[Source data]
***
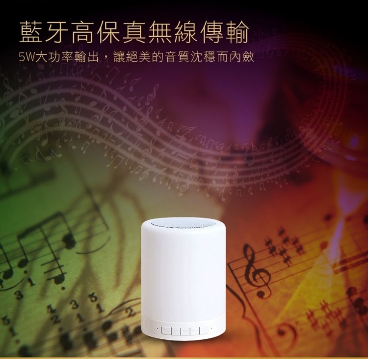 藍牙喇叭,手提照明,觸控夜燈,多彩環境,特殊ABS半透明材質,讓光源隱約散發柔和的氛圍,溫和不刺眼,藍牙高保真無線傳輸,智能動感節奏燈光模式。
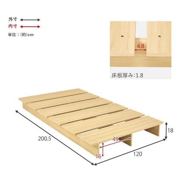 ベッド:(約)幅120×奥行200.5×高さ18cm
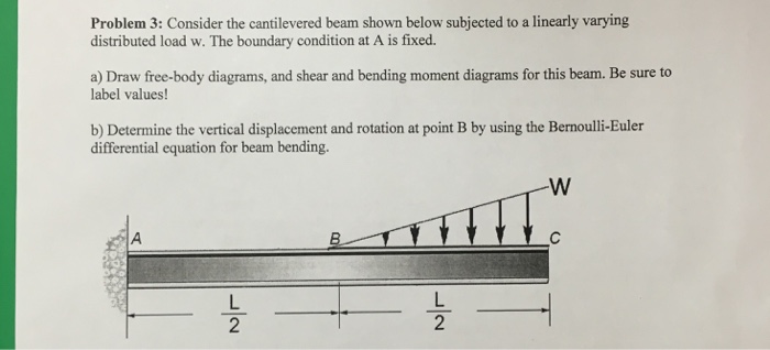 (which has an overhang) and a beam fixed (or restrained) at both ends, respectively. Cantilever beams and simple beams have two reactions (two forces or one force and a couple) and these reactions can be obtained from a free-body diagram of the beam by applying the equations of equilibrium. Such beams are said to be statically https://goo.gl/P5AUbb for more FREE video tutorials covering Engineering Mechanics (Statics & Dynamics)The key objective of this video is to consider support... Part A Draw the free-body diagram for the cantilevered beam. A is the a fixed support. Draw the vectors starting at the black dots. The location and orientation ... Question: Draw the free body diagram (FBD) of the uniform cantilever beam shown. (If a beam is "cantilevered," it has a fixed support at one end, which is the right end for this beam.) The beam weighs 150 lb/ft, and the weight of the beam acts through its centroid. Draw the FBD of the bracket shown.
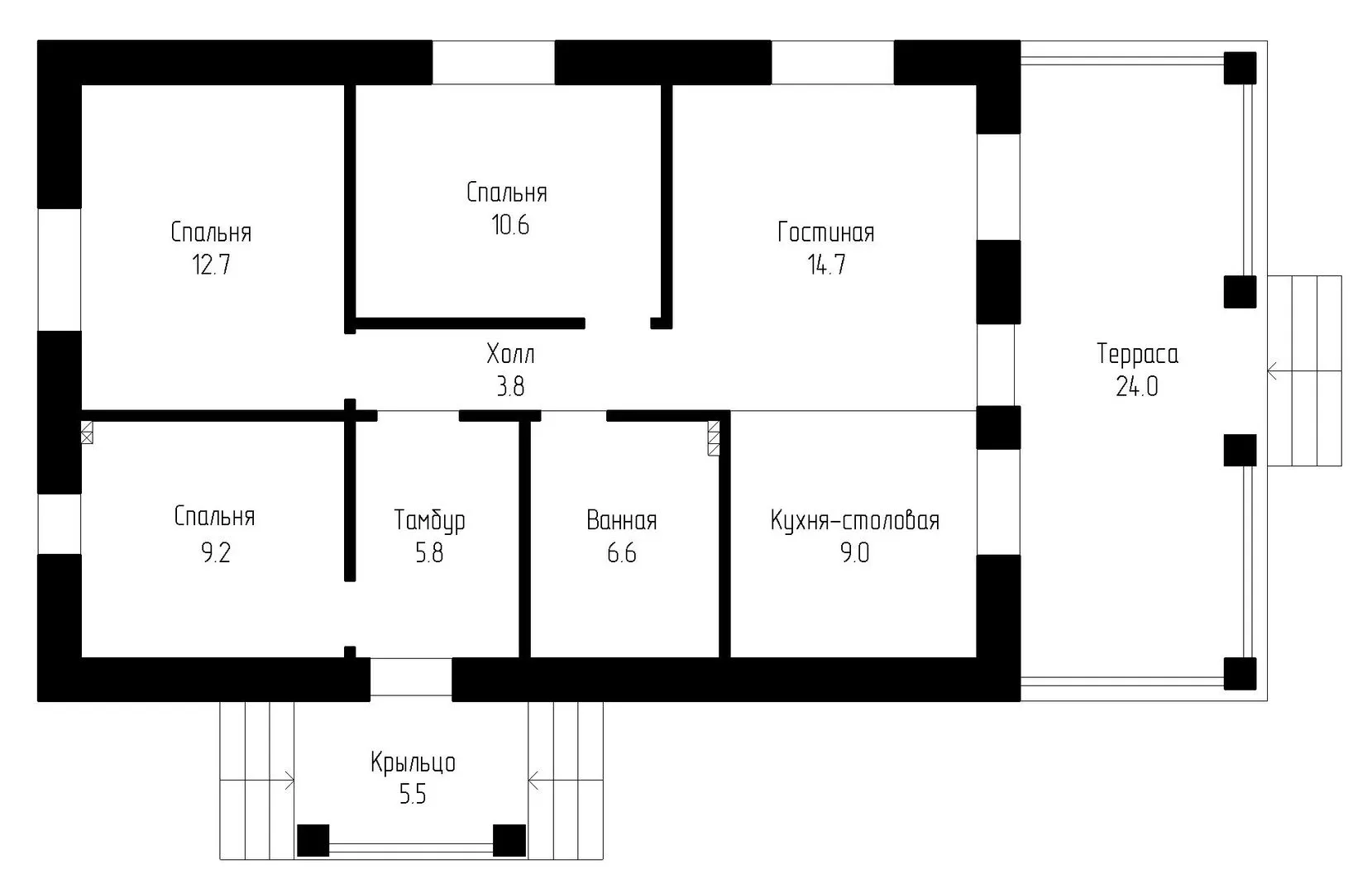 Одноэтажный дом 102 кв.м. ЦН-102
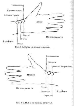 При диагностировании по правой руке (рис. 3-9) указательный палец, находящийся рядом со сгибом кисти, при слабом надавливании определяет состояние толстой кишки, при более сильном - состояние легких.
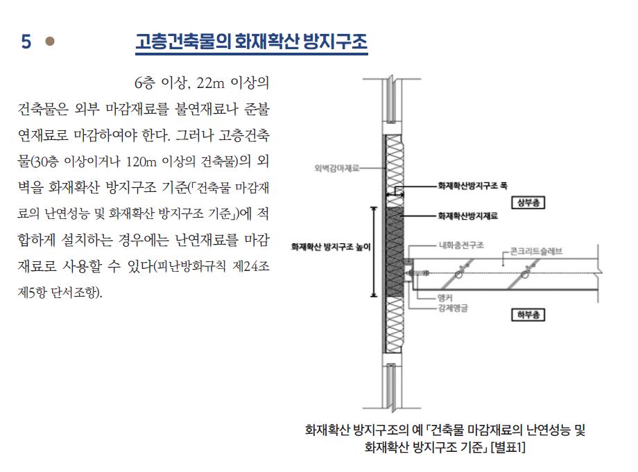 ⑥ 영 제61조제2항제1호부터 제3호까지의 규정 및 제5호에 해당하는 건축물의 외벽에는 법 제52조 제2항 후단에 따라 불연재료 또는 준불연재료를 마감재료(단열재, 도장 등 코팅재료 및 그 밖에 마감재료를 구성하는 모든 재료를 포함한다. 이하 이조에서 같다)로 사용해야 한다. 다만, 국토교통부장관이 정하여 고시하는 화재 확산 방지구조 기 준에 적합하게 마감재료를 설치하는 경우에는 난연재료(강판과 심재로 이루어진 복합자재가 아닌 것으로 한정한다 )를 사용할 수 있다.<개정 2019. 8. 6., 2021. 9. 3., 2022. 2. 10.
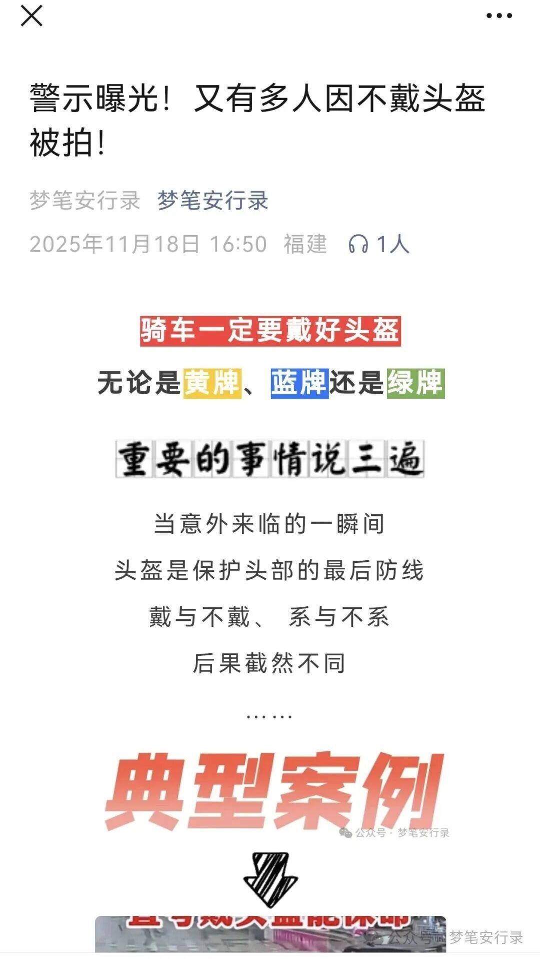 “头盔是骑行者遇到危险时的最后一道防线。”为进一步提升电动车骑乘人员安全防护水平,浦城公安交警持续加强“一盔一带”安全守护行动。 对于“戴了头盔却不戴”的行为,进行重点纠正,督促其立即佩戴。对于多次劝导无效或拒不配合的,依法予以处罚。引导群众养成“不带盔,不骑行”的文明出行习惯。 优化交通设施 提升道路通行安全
***
TASK OBJECTIVE
The copy must match every line of the data exactly and contain no pictures.

ANSWER BELOW
 藍牙喇叭,手提照明,觸控夜燈,多彩環境,特殊ABS半透明材質,讓光源隱約散發柔和的氛圍,溫和不刺眼,藍牙高保真無線傳輸,智能動感節奏燈光模式。
 ベッド:(約)幅120×奥行200.5×高さ18cm
 (which has an overhang) and a beam fixed (or restrained) at both ends, respectively. Cantilever beams and simple beams have two reactions (two forces or one force and a couple) and these reactions can be obtained from a free-body diagram of the beam by applying the equations of equilibrium. Such beams are said to be statically https://goo.gl/P5AUbb for more FREE video tutorials covering Engineering Mechanics (Statics & Dynamics)The key objective of this video is to consider support... Part A Draw the free-body diagram for the cantilevered beam. A is the a fixed support. Draw the vectors starting at the black dots. The location and orientation ... Question: Draw the free body diagram (FBD) of the uniform cantilever beam shown. (If a beam is "cantilevered," it has a fixed support at one end, which is the right end for this beam.) The beam weighs 150 lb/ft, and the weight of the beam acts through its centroid. Draw the FBD of the bracket shown.
 Одноэтажный дом 102 кв.м. ЦН-102
 При диагностировании по правой руке (рис. 3-9) указательный палец, находящийся рядом со сгибом кисти, при слабом надавливании определяет состояние толстой кишки, при более сильном - состояние легких.
 ⑥ 영 제61조제2항제1호부터 제3호까지의 규정 및 제5호에 해당하는 건축물의 외벽에는 법 제52조 제2항 후단에 따라 불연재료 또는 준불연재료를 마감재료(단열재, 도장 등 코팅재료 및 그 밖에 마감재료를 구성하는 모든 재료를 포함한다. 이하 이조에서 같다)로 사용해야 한다. 다만, 국토교통부장관이 정하여 고시하는 화재 확산 방지구조 기 준에 적합하게 마감재료를 설치하는 경우에는 난연재료(강판과 심재로 이루어진 복합자재가 아닌 것으로 한정한다 )를 사용할 수 있다.<개정 2019. 8. 6., 2021. 9. 3., 2022. 2. 10.
 “头盔是骑行者遇到危险时的最后一道防线。”为进一步提升电动车骑乘人员安全防护水平,浦城公安交警持续加强“一盔一带”安全守护行动。 对于“戴了头盔却不戴”的行为,进行重点纠正,督促其立即佩戴。对于多次劝导无效或拒不配合的,依法予以处罚。引导群众养成“不带盔,不骑行”的文明出行习惯。 优化交通设施 提升道路通行安全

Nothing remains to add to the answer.